# [Exercise data]
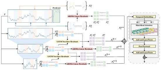 where is the matrix of residual values from time to t, and is the predicted residual sequence for the next steps. In other words, learns to predict the future errors of the linear ARIMA model, using the pattern of recent errors as input. This deep module is flexible and can capture complex patterns such as nonlinear dynamics, seasonal fluctuations, or any regime changes that the ARIMA model’s linear structure cannot fit. For example, could be an LSTM that ingests the sequence and outputs , or a Transformer that attends to the residual sequence to forecast upcoming residuals. The parameters of this network are learned from data. Typically, w is chosen to be large enough to provide the deep model with sufficient context but not so large as to be unwieldy; for instance, w might be 36 for weekly data or 96 for hourly data, as detailed in the Experiment section.
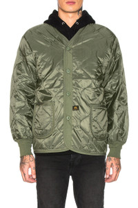 - Self & Lining: 100% nylon Filling: 100% poly Knit: 99% poly 1% spandex - Made in China - Machine wash - Button front closures - Front pockets - Rib knit cuffs - Quilted fabric - Revolve Style No. ALPF-MO34 - Manufacturer Style No. MJL48000C1
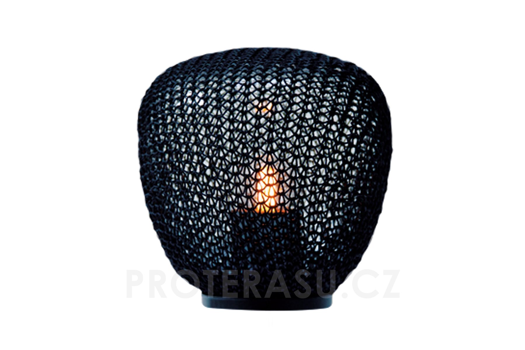 Venkovní samostatně stojící světlo Monsieur Madame Cachet značky Tribu. Širm je opleten háčkovaným vzorem z polyolefinového lanka.
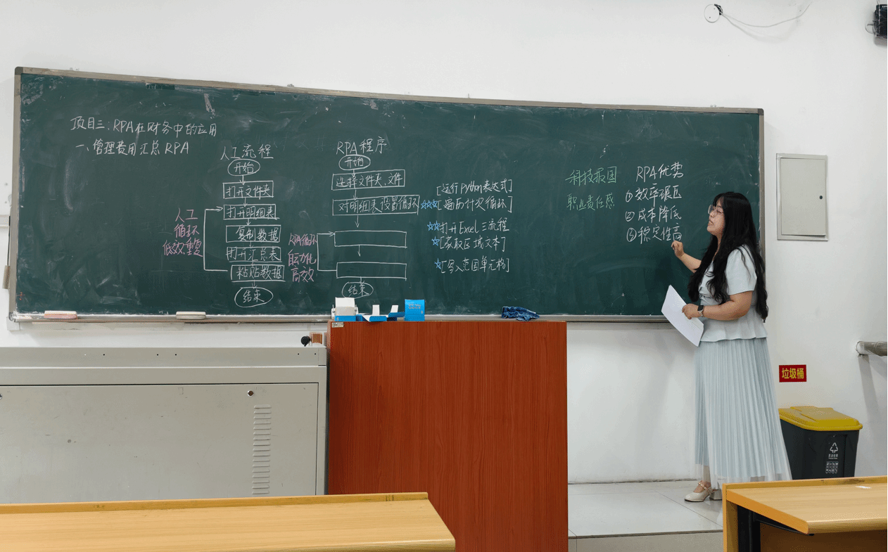 王海棠老师围绕《智能财务》“项目三:RPA在财务中的应用——管理费用汇总RPA”进行板书。从人工流程与RPA程序两大维度展开,人工流程清晰呈现“打开文件、复制数据、填写信息”等步骤;RPA程序则梳理“运行流程、文件处理、数据传输”逻辑,通过“运行python表达式,遍历计次循环、获取区域文本”等实操要点。同时,提炼“科技报国、职业责任感”理念,阐述RPA“效率提升、成本降低、稳定性高”优势,将技术应用与价值引领相融合,以丰富色彩区分板块、箭头串联流程,构建出清晰且具深度的知识体系,展现对智能财务课程的创新讲授。

# [Instructions to follow]
Please repeat the listing precisely, excluding the pictures it contains.

# [Task solution]
 where is the matrix of residual values from time to t, and is the predicted residual sequence for the next steps. In other words, learns to predict the future errors of the linear ARIMA model, using the pattern of recent errors as input. This deep module is flexible and can capture complex patterns such as nonlinear dynamics, seasonal fluctuations, or any regime changes that the ARIMA model’s linear structure cannot fit. For example, could be an LSTM that ingests the sequence and outputs , or a Transformer that attends to the residual sequence to forecast upcoming residuals. The parameters of this network are learned from data. Typically, w is chosen to be large enough to provide the deep model with sufficient context but not so large as to be unwieldy; for instance, w might be 36 for weekly data or 96 for hourly data, as detailed in the Experiment section.
 - Self & Lining: 100% nylon Filling: 100% poly Knit: 99% poly 1% spandex - Made in China - Machine wash - Button front closures - Front pockets - Rib knit cuffs - Quilted fabric - Revolve Style No. ALPF-MO34 - Manufacturer Style No. MJL48000C1
 Venkovní samostatně stojící světlo Monsieur Madame Cachet značky Tribu. Širm je opleten háčkovaným vzorem z polyolefinového lanka.
 王海棠老师围绕《智能财务》“项目三:RPA在财务中的应用——管理费用汇总RPA”进行板书。从人工流程与RPA程序两大维度展开,人工流程清晰呈现“打开文件、复制数据、填写信息”等步骤;RPA程序则梳理“运行流程、文件处理、数据传输”逻辑,通过“运行python表达式,遍历计次循环、获取区域文本”等实操要点。同时,提炼“科技报国、职业责任感”理念,阐述RPA“效率提升、成本降低、稳定性高”优势,将技术应用与价值引领相融合,以丰富色彩区分板块、箭头串联流程,构建出清晰且具深度的知识体系,展现对智能财务课程的创新讲授。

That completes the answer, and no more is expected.